陸青深深吸了一口氣,慢慢的吐了出來,拉著三娘往醫院付款處走去,然后又去藥堂拿藥,經過詢問處的時候,劉鳳仔細看了三娘和陸老太太一眼。
陸青也看到劉鳳了,剛要開口打招呼,劉鳳一個轉身離開了,陸青心里難受的要死,還真是一步錯步步錯,現在還不知道如何善后。
公安局的人看到三娘他們已經付了醫藥費,也拿了藥,直接就帶著三娘回公安局了,因為陸傲一口咬定是三娘先動的手,然后告三娘三郎故意傷害。
公安局的人不由的感到奇怪,你們不是父子母子嗎,哪里來的這么大的仇恨,陸傲想了想才告訴公安人員,他從小是林園長大的。
這句話把公安人員雷得往后退了幾步,當年貍貓換太子這件事情可是轟動整個京城的,那么多年過去了,他們居然看到了當年的那個男孩子。
關乎到林園,公安人員慎重了很多,所以決定把三郎三娘帶回公安局好好審查,他們這次為何來京城,到底有什么目的。

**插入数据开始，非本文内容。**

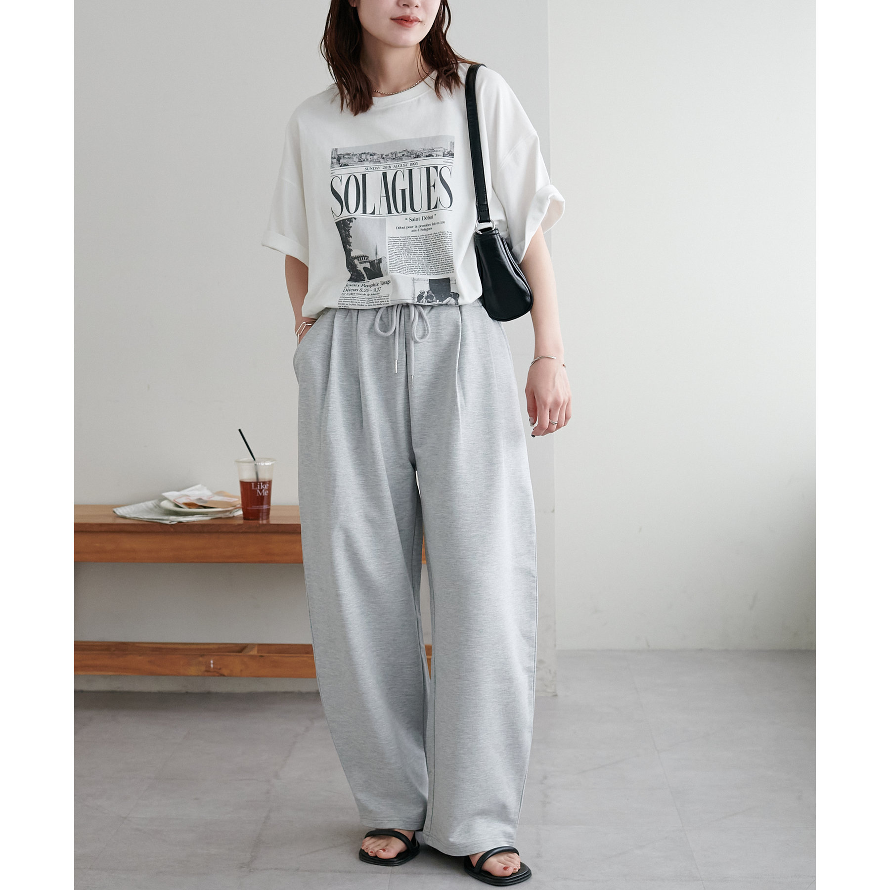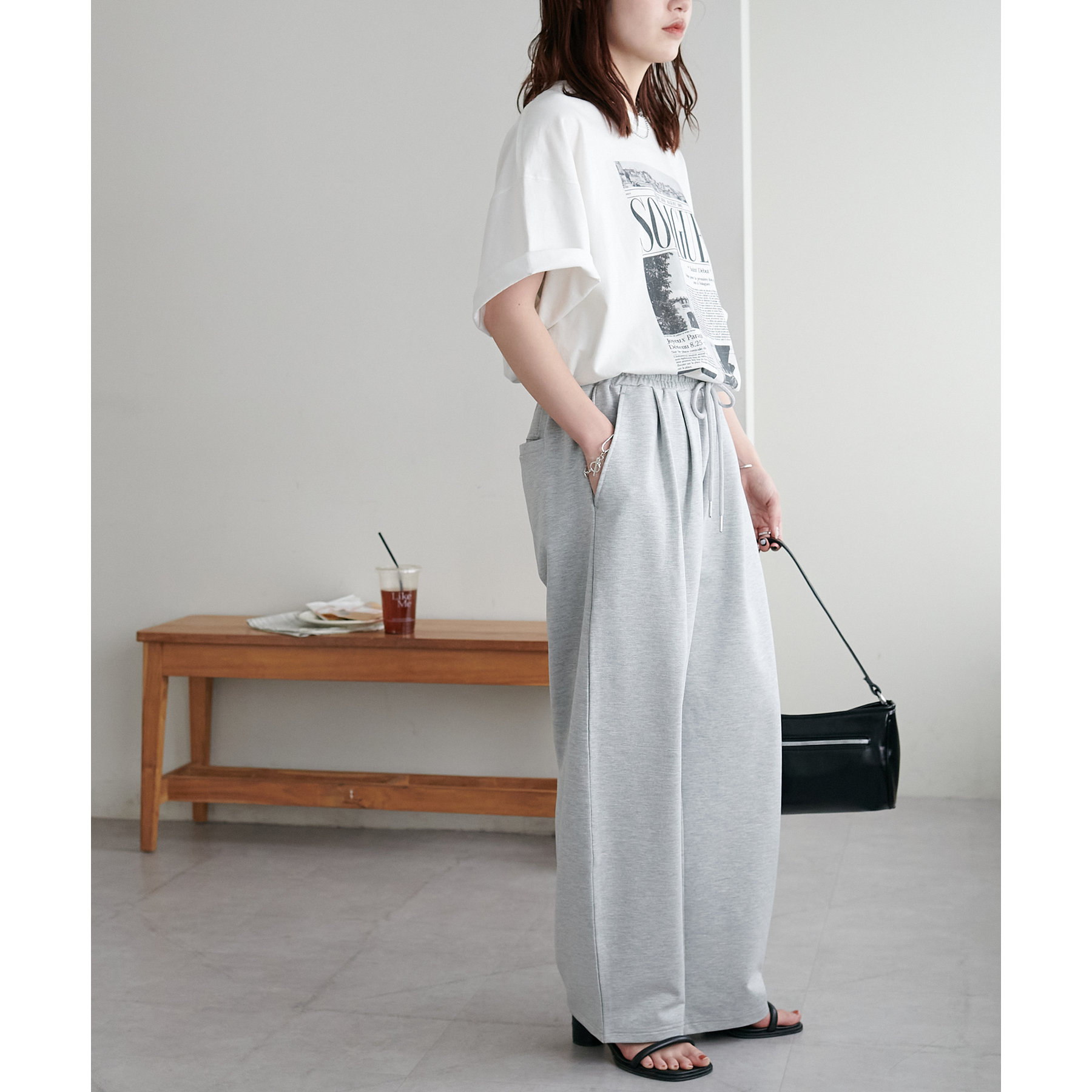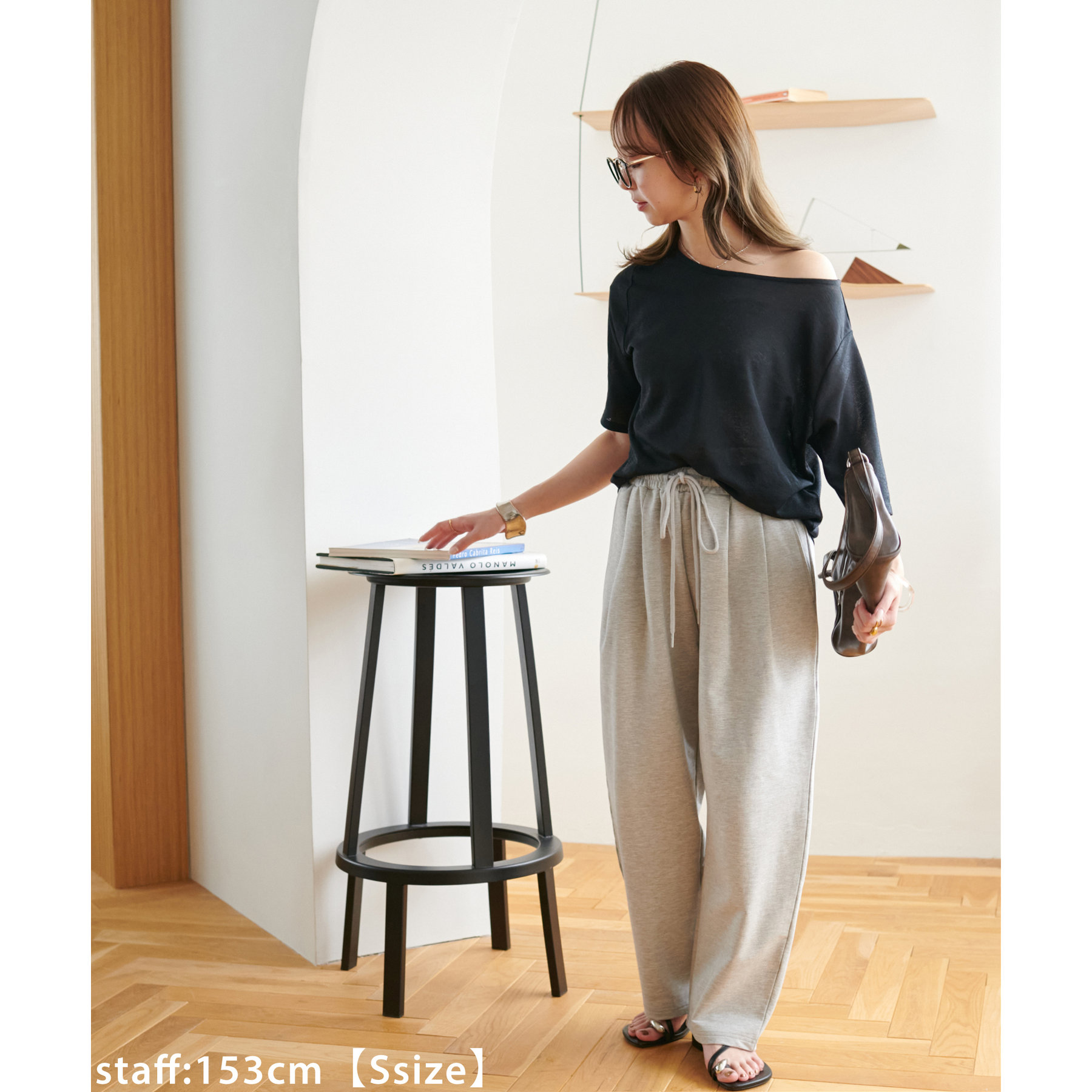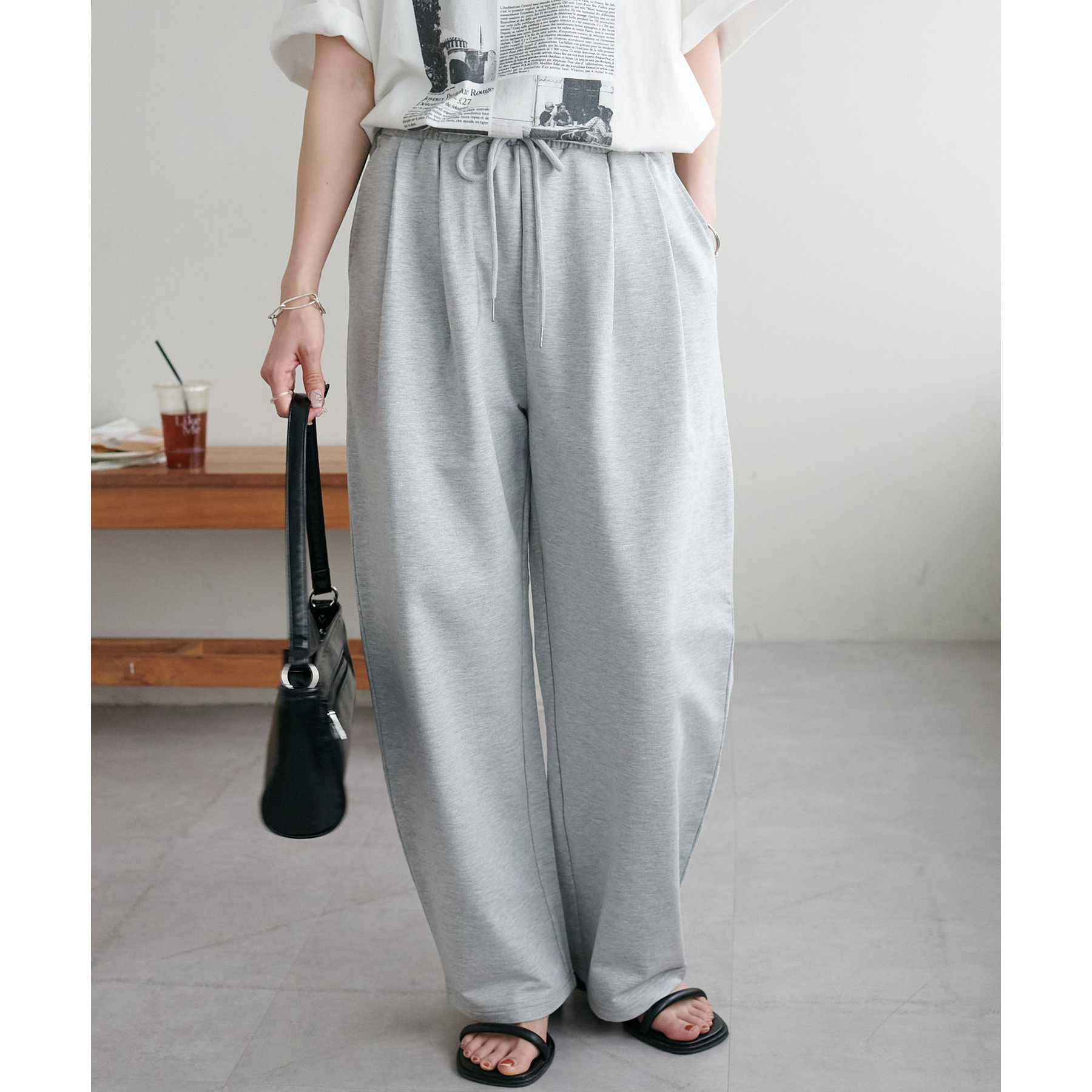 164cmスタッフ(Lサイズ着用):フラットシューズで床にギリギリつかないくらいの丈感。生地がさらっとしていて夏にもおすすめのスウェットパンツです!
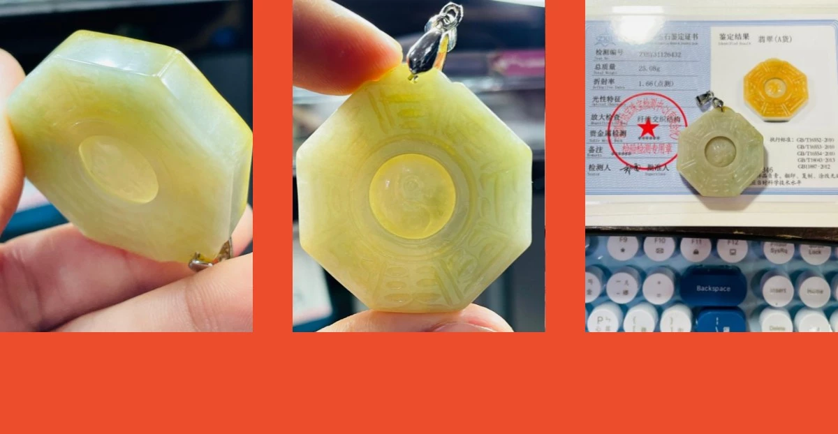 商品狀況:細糯種 溫潤油黃雙彩 老種黃翡料肉細緊緻細膩無晶體結構無沙坑眼

陸老太太嚇得拉著陸青的手,渾身瑟瑟發抖,陸青索性將老太太帶回了招待所,給她買了兩個大白饅頭,然后讓她好好休息。
三郎和三娘絕對沒有想到就是一時的沖動,陸傲居然告他們故意傷害,他可是自己的兒子啊,這個死孩子,莫非來報仇的。
三娘更是失聲痛哭,這個兒子不能要了,現在逮住機會就讓他們夫妻兩坐牢,以后逮住機會還不要把他們兩個弄死。
三郎在失望之余,忽然想起了甜甜,這個孩子也是他從小寶貝大的,如果求到她這里,不知道能不能救他們一次。
“公安同志,林園的林甜甜是我從小養大的,能不能讓她來看看我啊,她可是我唯一的希望了。”三郎雙眼死死的盯著公安同志,祈求道。